The group’s M&A activities have been primarily financed through the bond markets, while investment programmes have been funded by internal cash flows and working capital facilities.


“We are very mindful of maintaining debt within the market standards and permitted limits while the newly acquired entities deliver strong results across all geographies,” Boklag said. “In the absence of new acquisitions, and therefore no additional debt, we will naturally reduce the debt burden through profitability and cash flow growth.”

In addition to deleveraging through growth and based on the model of big telecom operators around the world, United Group has launched a process to spin off and monetise its mobile towers, being one of the few European telecom companies that still control almost 100% of their mobile and fixed networks.

“By monetising the towers, we are planning to reduce United Group’s debt and minimize the short-term and mid-term risks of refinancing. The ownership over active equipment, as well as design and quality of the service, will remain in our ownership and under our full control,” Boklag said.

In January, Moody’s affirmed the group’s B2 corporate credit rating, changing the perspective from stable to negative. While the change in outlook was driven mainly by the current economic environment, the rating affirmation considers “the company’s solid operating momentum and growth opportunities, improved scale and scope of operations over the past few years, and its strategic shift to focus on cash flow generation, liquidity and deleveraging” as stated in Moody’s release.

“Our earliest debt maturity is in more than a year, in June 2024. Under normal market conditions, the maturities due in 2024 and 2025 could easily be refinanced on the bond market,” Boklag said. “Considering the current market situation amid the war in Ukraine, we have taken a more conservative approach. Therefore, our decision to launch a process to spin off and monetise our mobile towers following the example of other big telecom companies in Europe and globally turned out to be a good strategic decision.”


In Boklag’s view, the synergies between local media and telco operations could be a key growth driver in the future.

“Media and pay TV are among the most transformative industries at the moment. Besides traditional local and global media companies, the fight for “eyeballs” is now joined by all the social networks and D2C OTT players like Netflix, Disney, etc. Both subscription and advertising models are being challenged and reinvented,” she said. “In this environment, having the strength of the local content production capabilities, relationships with the local advertisers and powerful subscription business is key for the future success of both local media and telco operations.”

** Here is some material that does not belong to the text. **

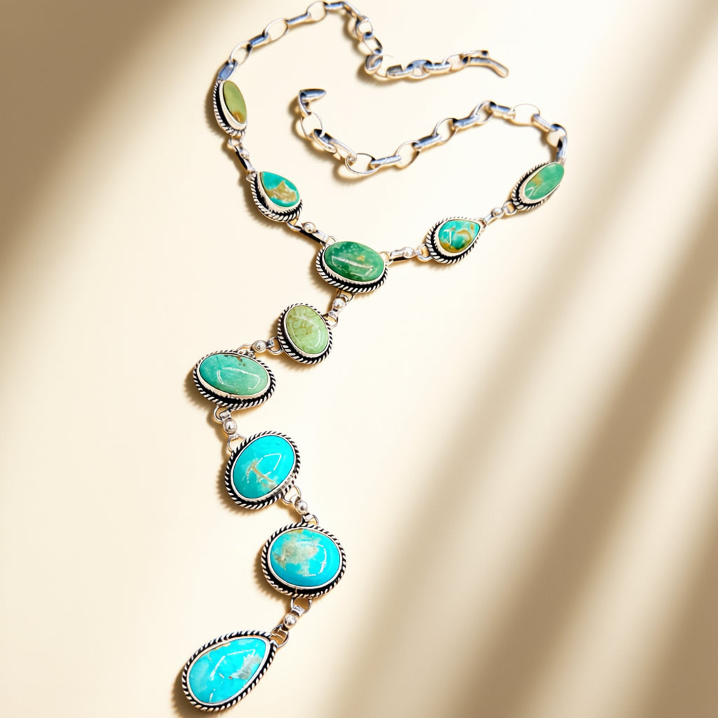 The gradual shift in turquoise tone gives the piece a natural sense of rhythm and balance. Its elongated silhouette draws the eye downward, making it an elegant option for layering or for adding a strong vertical line to an otherwise simple look.
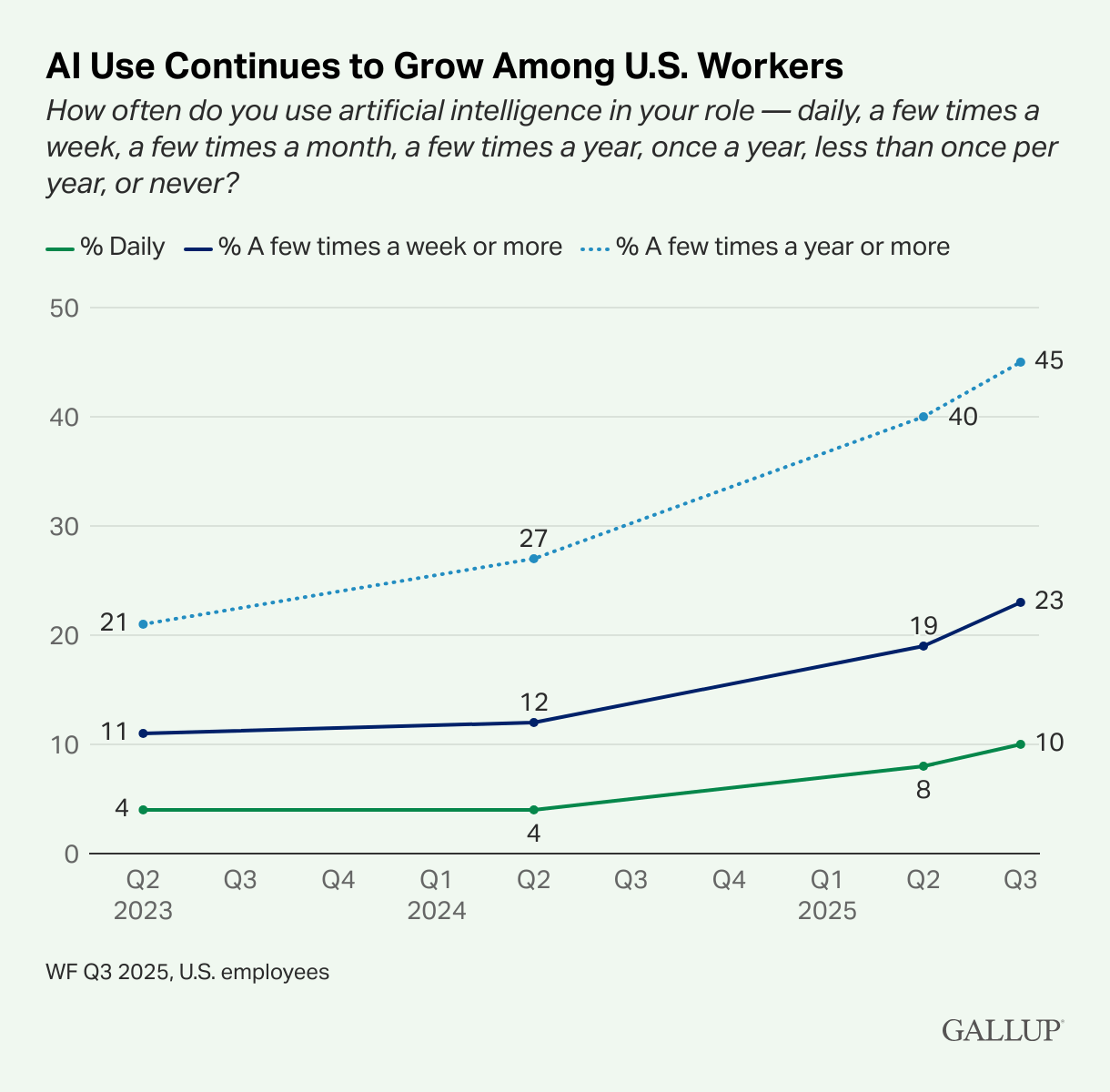 Liniendiagramm von Gallup zeigt KI-Nutzung unter US-Arbeitnehmern von Q2 2023 bis Q3 2025. Drei Linien zeigen tägliche Nutzung (4% auf 10%), wöchentliche Nutzung (11% auf 23%) und gelegentliche Nutzung (21% auf 45%). Alle Kurven steigen beschleunigt an.

Moreover, telco and media companies together put up a stronger fight against the pirates and illegal distribution of content, which harms everyone in the system – creators, artists, producers, and content providers, she added.

United Media has an independent editorial board, which is based in Luxembourg, responsible for its compliance with the highest media standards and tasked with verifying the unbiased and ethical work of journalists. The board reviews the editorial process, when necessary, and takes care of public complaints procedures.

“Freedom of speech and independence are values that our company has upheld since its establishment,” Boklag also said. “All members of the board are well- respected representatives of emblematic media such as BBC and RTL. They are fully independent and are not employed in any of our media assets.”